IOPS are interesting when you read/write a lot on disk. Wordpress should use 90% read and 10% write. You should hit the memory cache most of the time.

If you're database and queries are correctly set you wouldn't need that much IOPS.

Considering the number of people using Wordpress (I don't know that particular plugin) I would bet that queries are correctly configured.

RDS is limited to InnoDB engine. That engine relies on a parameter called innodb_buffer_pool_size for caching data in memory. This is the one to look after at first. Fortunatly this value is automatically set by RDS (a factor of the memory you have in your RDS instance).
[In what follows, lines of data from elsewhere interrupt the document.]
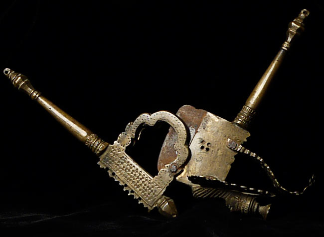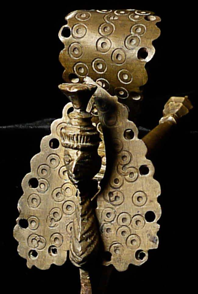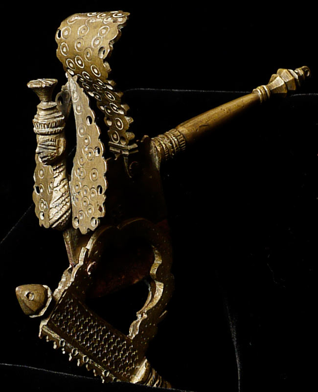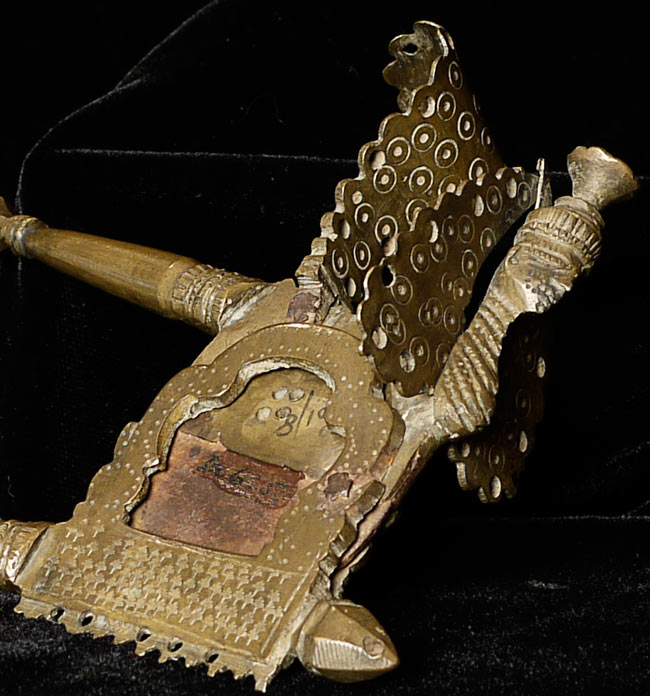 Betel nut cracker is 6" long. Very ornate. Has an old museum or cellection number written on the blade.
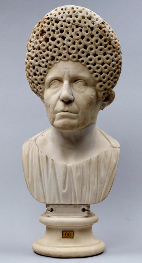 - Teile der Frisur u. Ohren, Nase und Büste modern ergänzt
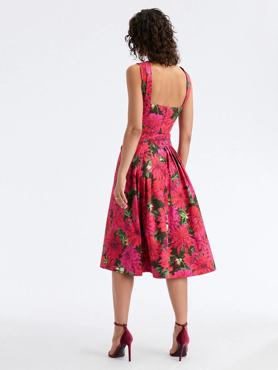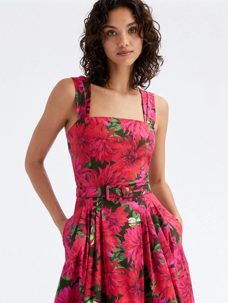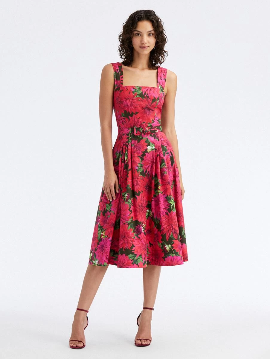 Signature cotton poplin brings the bright dahlia print of the Pre-Fall collection to life. This daytime midi is crafted with a square neckline and is finished with a coordinating buckle belt.
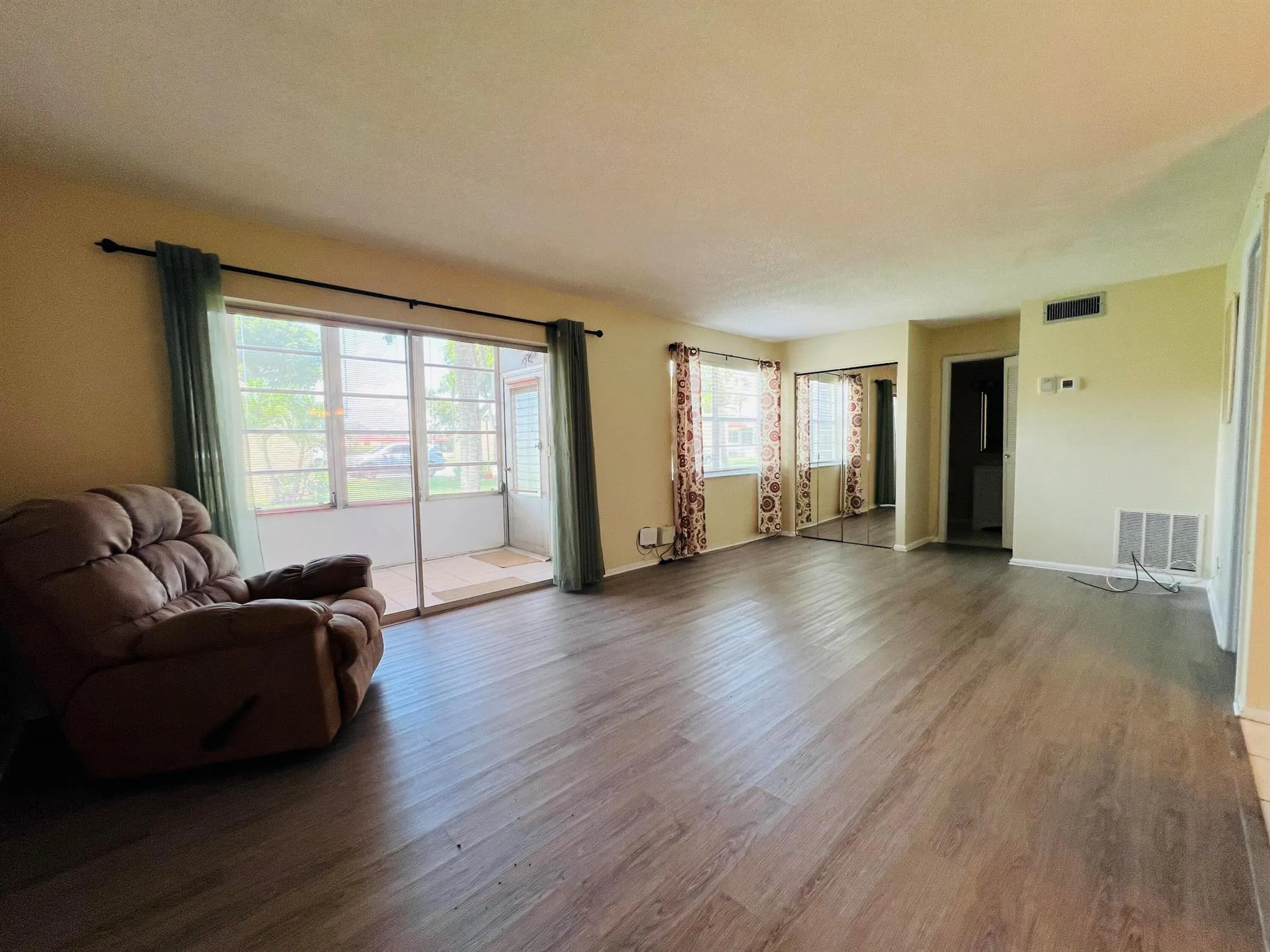 Welcome home to your perfect condo in Golden Lakes! This first-floor condo boasts a spacious master bedroom with a walk-in closet. The versatile floor plan, originally two bedrooms, now offers an expansive living area but can easily be converted back. Enjoy relaxing on the glass-enclosed patio/FL Room with a tiled floor. You'll love the convenience of the best parking spot right next to the walkway and having laundry, mail, and extra storage just steps away. PERFECT LOCATION! Nestled in a guard-gated community brimming with amenities, including a clubhouse, pool, spa, gym, bocce ball, and shuffleboard. A social director keeps activities lively and engaging. Perfectly located near shopping, restaurants, and the turnpike, with the airport and ocean just a short drive away. Paradise awaits! |
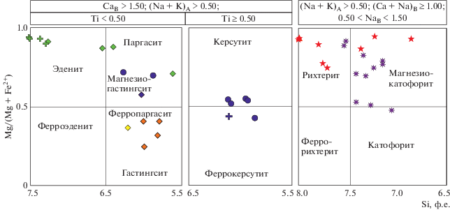 Ridolfi F., Renzulli A. Calcic amphibolites in calc-alkaline and alkaline magmas: Thermobarometric and chemometric empirical aquations valid up to 1.130°C and 2.2 GPa // Contrib. Mineral Petrol. 2012. V. 163. P. 877–895.
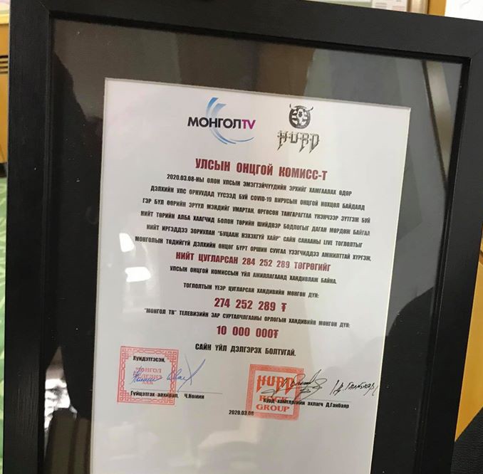 Шинэ коронавируст халдвараас урьдчилан сэргийлэх үйл ажиллагаанд дэмжлэг үзүүлэх, мэргэжлийн байгууллагуудын алба хаагчдад сэтгэлийн дэм үзүүлэх зорилгоор зохион байгуулагдсан цахим тоглолт “Монгол” телевиз болон Онцгой байдлын ерөнхий газар, Хурд, Монгол ТВ пейж хуудсаар шууд үзэгчдэд хүрсэн юм.
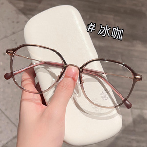 新款小红书复古多边形金胶眼镜框批发丹阳女显白可配有度数眼镜架

49 ms is not that slow. I bet your problem is elsewhere. Try a tool that will analyze your slow queries (order and aggregate them) : http://www.percona.com/doc/percona-toolkit/2.2/pt-query-digest.html

To grab the slow query log file : http://www.palominodb.com/blog/2011/10/20/exporting-mysqlslowlog-table-slow-query-log-format

Most of the time you don't need to play with the query_cache parameter. If you set too much value you could even hit a performance penalty (each time you change a data you need to invalidate the cache for the according query impacted).

Finally the Cloudwatch graphs show that your DB is sleeping but your web server is using too much CPU.

The bottleneck here is definitly not your DB.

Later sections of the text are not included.